DATA EXCERPT
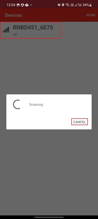 RNBD451_XXXXdevice appears, click the CANCEL button to cancel the device scanning
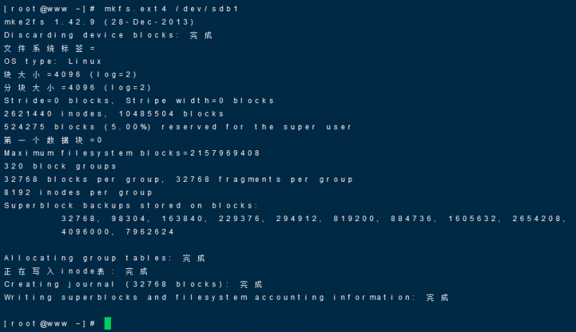 4.接下來我們進行分區(qū)的格式化并且掛載到目錄。輸入mkfs.ext4 /dev/sdb1格式化分區(qū),這里的/dev/sdb1就是我們剛剛分配好的分區(qū)。可再次用fdisk -l命令查看磁盤分區(qū)的情況。
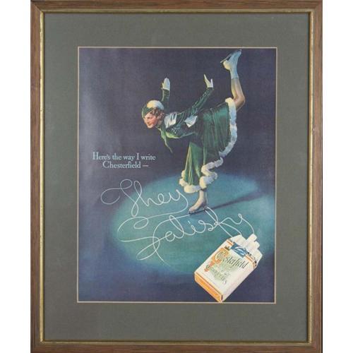 <table width="100%" border="0" cellspacing="0" cellpadding="4"><tr><td><em> </em></td></tr><tr> <td width="100%"> **1** This is an old advertising print for Chesterfield cigarettes. This is a very good example of the typical advertising art of the 1920?s and 30?s and is in very good condition. The picture is appealingly matted in a gray colored mat that compliments the green dress of the skater. The print itself measures 12? x 9.25? but measures 16.75? x 13.75? after it is matted and the attractive dark stained wood frame trimmed with gold colored accents is added. The picture is handsomely framed, matted, and beautifully preserved.
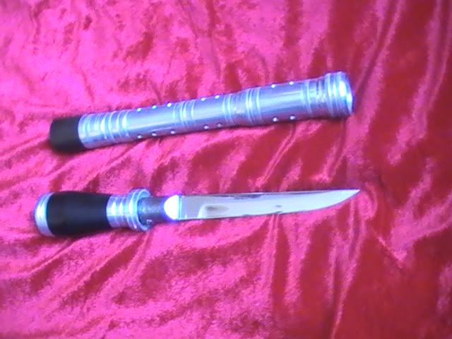 tamamı el yapımı gibi geldi bana dış alüminyum kısmı sanki tornada işlenmiş içindeki bıçak dövme bıçağa benziyor. sanki eski kasa Mercedesler için yapılmış zekice bir aksesuar.

WHAT YOU HAVE TO DO
The full data, repeated exactly and stripped of its pictures, is the expected answer.

ANSWER FOR THE TASK
 RNBD451_XXXXdevice appears, click the CANCEL button to cancel the device scanning
 4.接下來我們進行分區(qū)的格式化并且掛載到目錄。輸入mkfs.ext4 /dev/sdb1格式化分區(qū),這里的/dev/sdb1就是我們剛剛分配好的分區(qū)。可再次用fdisk -l命令查看磁盤分區(qū)的情況。
 <table width="100%" border="0" cellspacing="0" cellpadding="4"><tr><td><em> </em></td></tr><tr> <td width="100%"> **1** This is an old advertising print for Chesterfield cigarettes. This is a very good example of the typical advertising art of the 1920?s and 30?s and is in very good condition. The picture is appealingly matted in a gray colored mat that compliments the green dress of the skater. The print itself measures 12? x 9.25? but measures 16.75? x 13.75? after it is matted and the attractive dark stained wood frame trimmed with gold colored accents is added. The picture is handsomely framed, matted, and beautifully preserved.
 tamamı el yapımı gibi geldi bana dış alüminyum kısmı sanki tornada işlenmiş içindeki bıçak dövme bıçağa benziyor. sanki eski kasa Mercedesler için yapılmış zekice bir aksesuar.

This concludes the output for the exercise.